To deal with the sML-system’s design high dimensionality and excessive computer processing time demands, we have employed GPU and CUDA technologies for programming the multiprocessors of the Nvidia graphics card to execute concurrently similar tasks. This provision rendered plausible for us to experiment with different classifiers, to fine-tune the classifier of choice (PNN), and to achieve optimal sML-system design by testing a multitude of feature combinations. However, it has to be stressed that once the optimum sML-system has been designed it can operate on an ordinary desktop computer. This allows for the sML-system to be easily transferred into different work environments, such as histopathology laboratories, using inexpensive computer technology.

In conclusion, we employed digital images of AIB1 stained colorectal cancer lesions to construct a high-performance hybrid deep learning system, based on the pre-trained VGG16 convolution neural network, for discriminating between low-grade and high-grade CRC lesions with high accuracy (99.1%).
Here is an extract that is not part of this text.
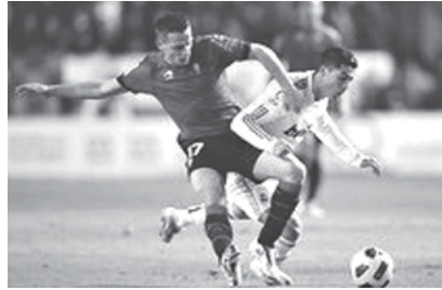
Real Madrid's Portuguese forward Cristiano Ronaldo (R) vies with CA Osasuna's midfielder Javier Camunas (L) during the Spanish league football match Club Atletico Osasuna vs Real Madrid CF at the Reyno de Navarra stadium in Pamplona. Real Madrid's title hopes were left hanging by a thread after Jose Mourinho's side suffered a shock 1-0 defeat at relegation-threatened Osasuna.

In addition, we designed a supervised machine learning system, using a combination of eight features that quantify intensity, texture, and colour image properties, to discriminate between LG_CRC and HG_CRC with and accuracy of 92.5%. Those image properties indicate that the HG_CRC lesions are characterized by (i) loss in the definition of structures, (ii) coarser texture in larger structures, (iii) hazy formless texture, (iv) lower AIB1 uptake, (v) lower local correlation, and (vi) slower varying image contrast.